### Dataset

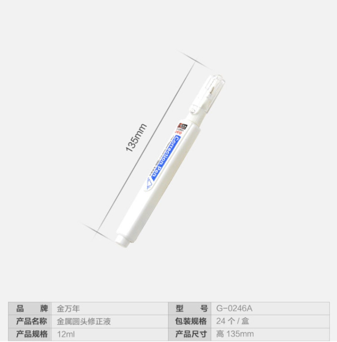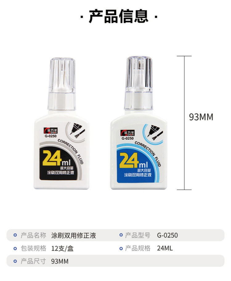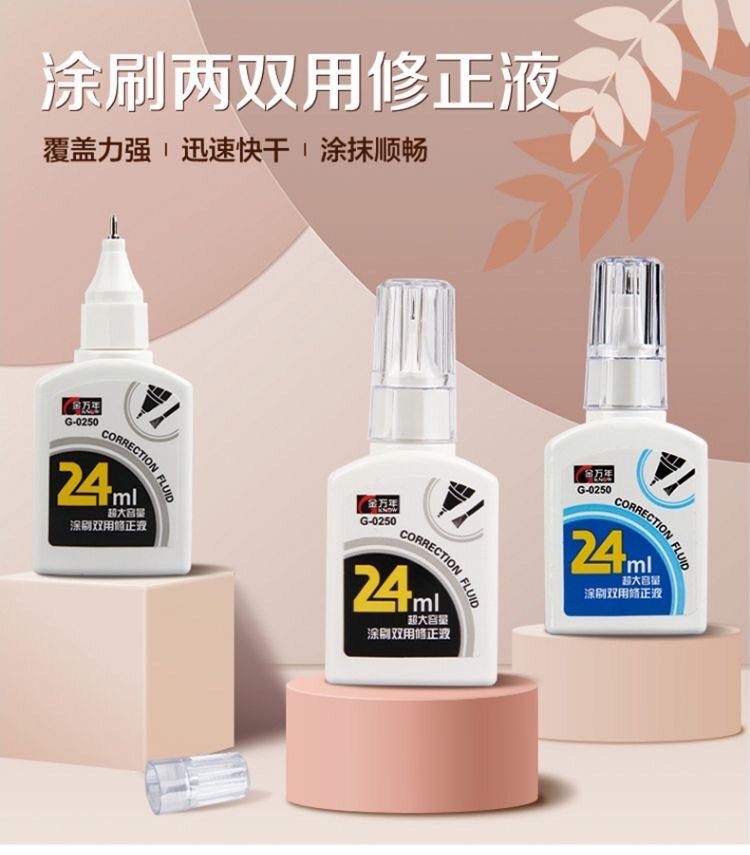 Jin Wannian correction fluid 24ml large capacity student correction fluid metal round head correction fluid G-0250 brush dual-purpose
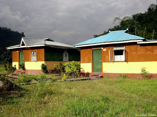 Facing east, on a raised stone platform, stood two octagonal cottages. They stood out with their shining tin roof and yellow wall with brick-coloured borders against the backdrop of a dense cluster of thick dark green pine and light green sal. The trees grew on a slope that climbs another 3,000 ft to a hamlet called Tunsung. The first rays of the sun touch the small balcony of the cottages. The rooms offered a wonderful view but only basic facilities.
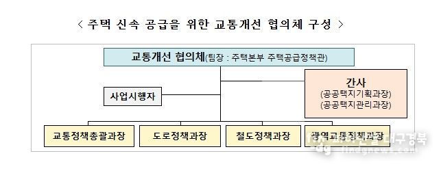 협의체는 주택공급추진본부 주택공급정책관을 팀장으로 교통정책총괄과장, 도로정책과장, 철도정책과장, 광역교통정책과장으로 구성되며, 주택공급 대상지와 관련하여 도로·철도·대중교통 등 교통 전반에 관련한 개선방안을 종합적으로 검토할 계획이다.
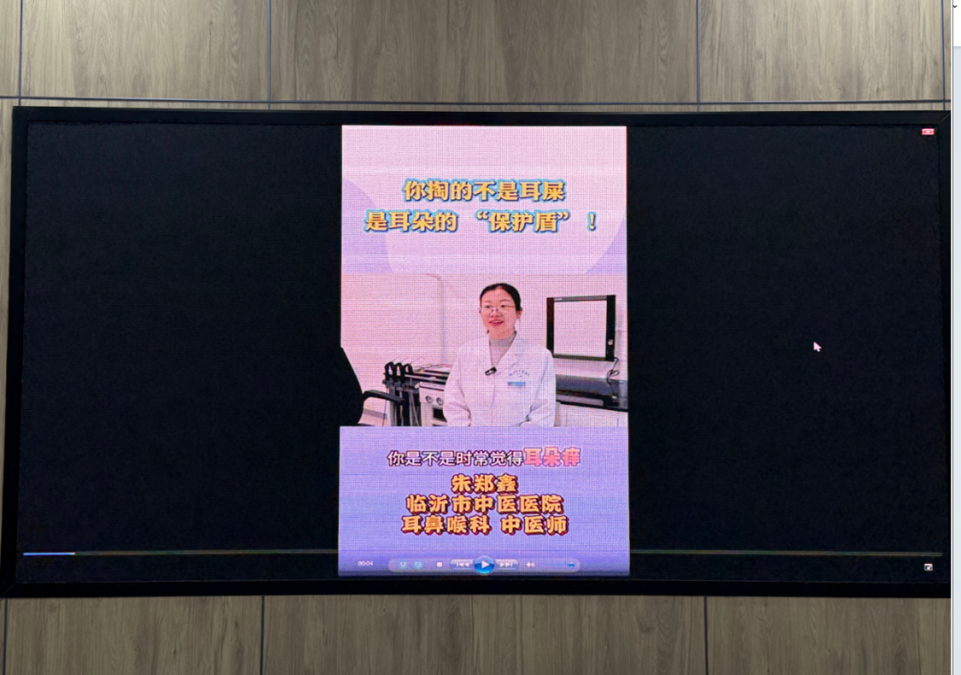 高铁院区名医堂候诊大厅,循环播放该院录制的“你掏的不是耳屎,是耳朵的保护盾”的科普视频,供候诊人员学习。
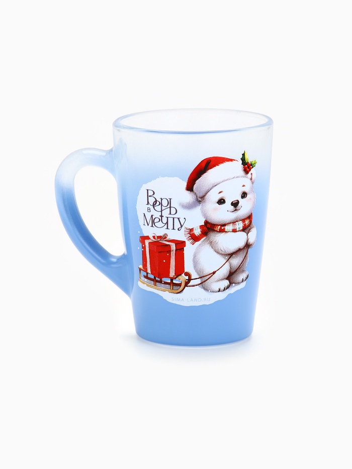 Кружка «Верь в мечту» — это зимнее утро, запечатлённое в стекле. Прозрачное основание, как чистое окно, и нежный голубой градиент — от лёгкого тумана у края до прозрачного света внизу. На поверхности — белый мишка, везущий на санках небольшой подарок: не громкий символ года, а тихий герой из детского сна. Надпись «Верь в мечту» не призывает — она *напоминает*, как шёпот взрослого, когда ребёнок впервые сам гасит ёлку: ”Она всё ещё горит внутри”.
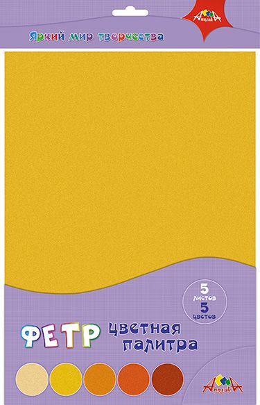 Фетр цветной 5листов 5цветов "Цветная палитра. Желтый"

######

*Assignment:*
Skip every picture and return the lines above from the top through the one that contains "Facing east, on".

*Exercise answer:*
 Jin Wannian correction fluid 24ml large capacity student correction fluid metal round head correction fluid G-0250 brush dual-purpose
 Facing east, on a raised stone platform, stood two octagonal cottages. They stood out with their shining tin roof and yellow wall with brick-coloured borders against the backdrop of a dense cluster of thick dark green pine and light green sal. The trees grew on a slope that climbs another 3,000 ft to a hamlet called Tunsung. The first rays of the sun touch the small balcony of the cottages. The rooms offered a wonderful view but only basic facilities.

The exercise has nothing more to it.